Filled with awe, he watched Montana as the pleasure built, her head thrown back and her breathing coming in short, quick pants. Despite the desperate needs of his own body, he was in awe of her. The purity of her response—so open, so receptive—humbled him and he leaned in and captured her cries of pleasure with his mouth, sucking her tongue between his teeth.
With his free arm, he held her body against his, the length of his hand spanning the slender width of her lower back. He knew it the moment her orgasm broke. Her entire body went still, then dissolved into a small series of explosions centered on his fingers.
Pulling her against him, he lifted her off her feet and cradled her in his arms, moving them both to the bed. Laying her gently on the bed, he followed her down and pressed his lips to where her pulse still beat a wild tattoo.
“You’re amazing,” he whispered against her throat.
A small giggle erupted from her as she turned her sloe-eyed gaze on him. “I was actually thinking that very thing about you.”
With seeking fingers, Montana ran her hand down his stomach and over his zipper. He pressed himself against her, unable to stay away from her seeking touch, even as he knew he simply wanted to savor the moment.
Savor her.
With shaking fingers, he reached for her hand and stilled her motions. “This is about you.”
“Quinn.” Montana struggled up onto an elbow, her eyes dark with a mixture of desire and annoyance. “What’s this all about?”
Before she could protest any further, he took her mouth in a searing kiss that was all lips and teeth and tongue. Satisfied he’d made his point—even as his heated body screamed for release—Quinn pulled back and pressed his forehead to hers. “You’ve had to take in a lot. Now’s not the time to get into this. I don’t want to rush.”
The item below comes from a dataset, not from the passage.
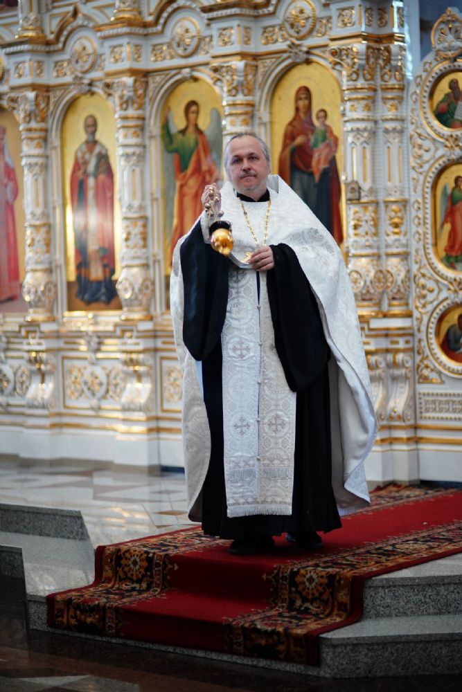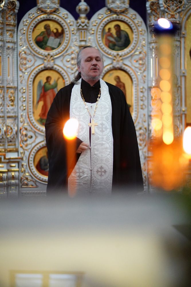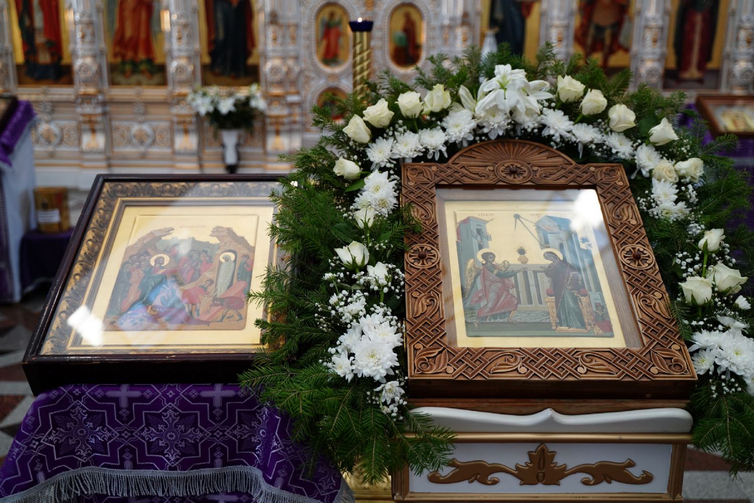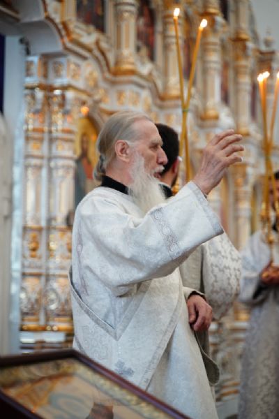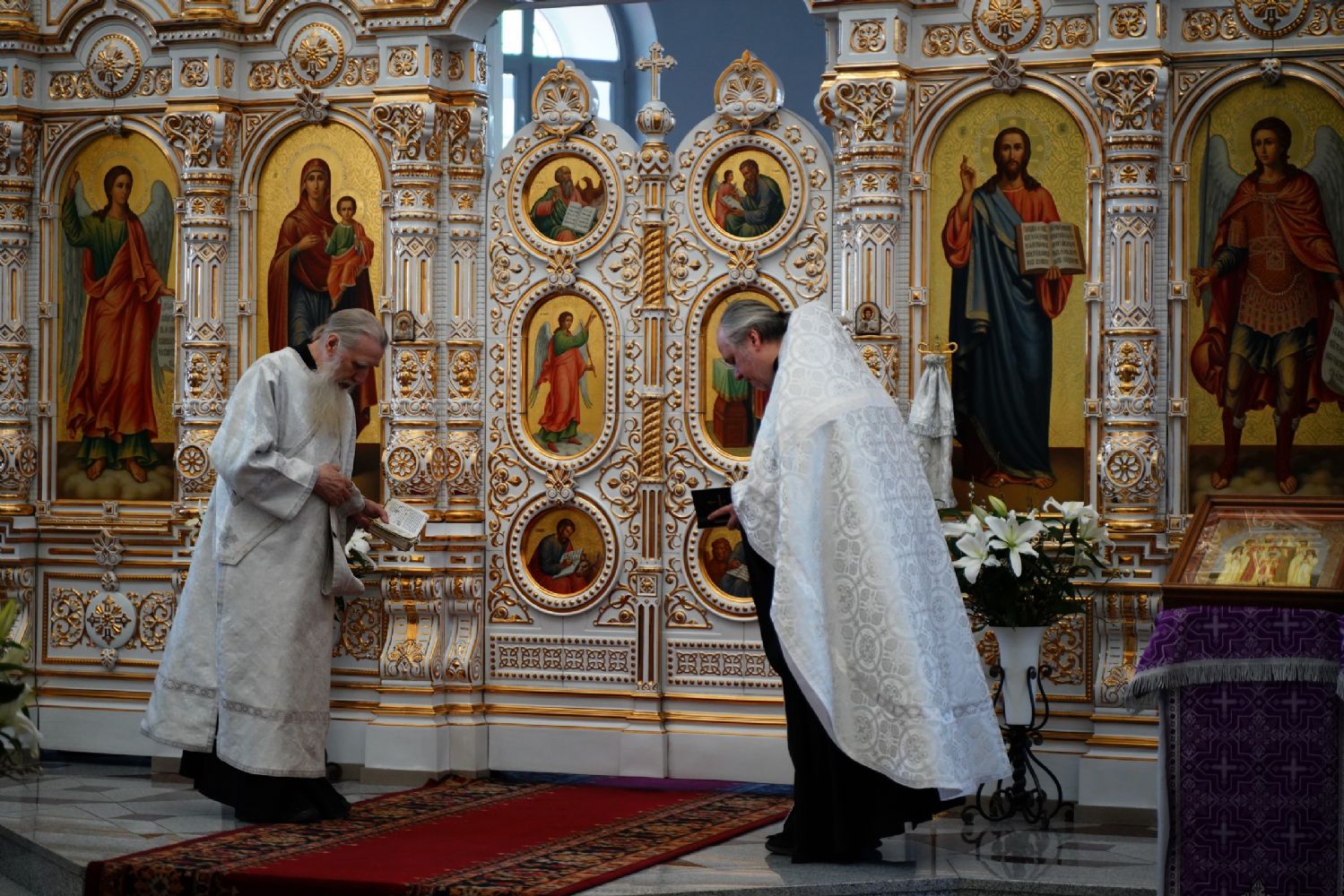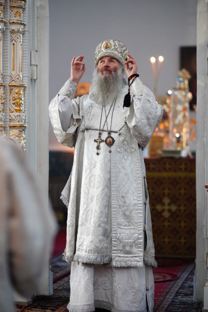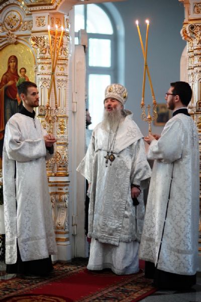 Владыке сослужили секретарь Йошкар-Олинского епархиального управления иеромонах Серафим (Пасанаев), настоятель собора иерей Алексий Кирюшкин, клирики собора иереи Леонид Вылекжанин и Андрей Кочаков, а также протодиакон Михаил Козловский. Песнопения исполнял хор храма под управлением регента Елены Поглазовой.

“And why do you get to decide?”
He smiled at the mulish tone of her voice and pressed a quick kiss on her lips, then pulled her into his arms, settling her head agains
t his chest. “Because I’m older and wiser than you, and I say so. Besides, I have no interest in being interrupted once we get going.”
“Oh. Well, when you put it like that.”
The two of them lay there for a while. Quinn soaked in the moment, the silence wrapping around them like a warm cocoon.
“Are you sure this is a good idea?”
“This?” Quinn snuggled closer and pressed his lips against her throat. “I think it’s an outstanding idea.”
Montana turned toward him. “I meant tonight.”
“You’ll be safe. I promise.”
“But what about your friends? We’re dragging them into this, too.”
Again, he was struck by her immediate thought for others. Before in the park, and now this. Brushing back a stray, wispy curl from her cheek, he sought to reassure her. “This is what we do, Montana. We’re highly trained Warriors.”
“Are you sure?”
“I’m quite sure. If I could, I’d leave you behind altogether, but we’re not going to learn anything if you’re not with us.”
Quinn pulled Montana closer and breathed in her soft, womanly scent. She smelled light and fresh, like brand-new sheets or a bright summer day, and in that moment he felt a very small piece of the heart he thought long dead come back to life.
Some of the emptiness—that vast wasteland that had filled him for far too long—wasn’t quite so empty any longer.
And in two hours, he was dragging her straight into enemy territory.
Chapter Twelve
Themis stood before the Mirror of Truth and watched her daughter roam the streets of New York like a homeless person.
Because she was a homeless person.
A sense of despair welled in her breast. Themis wrapped her arms around her middle as the bitter taste of regret rose up on her tongue. Eirene had made her choice. She knew the consequences and she made that choice anyway.
But all that seemed to fade into nothingness as she stared at her beloved child, dying before her very eyes.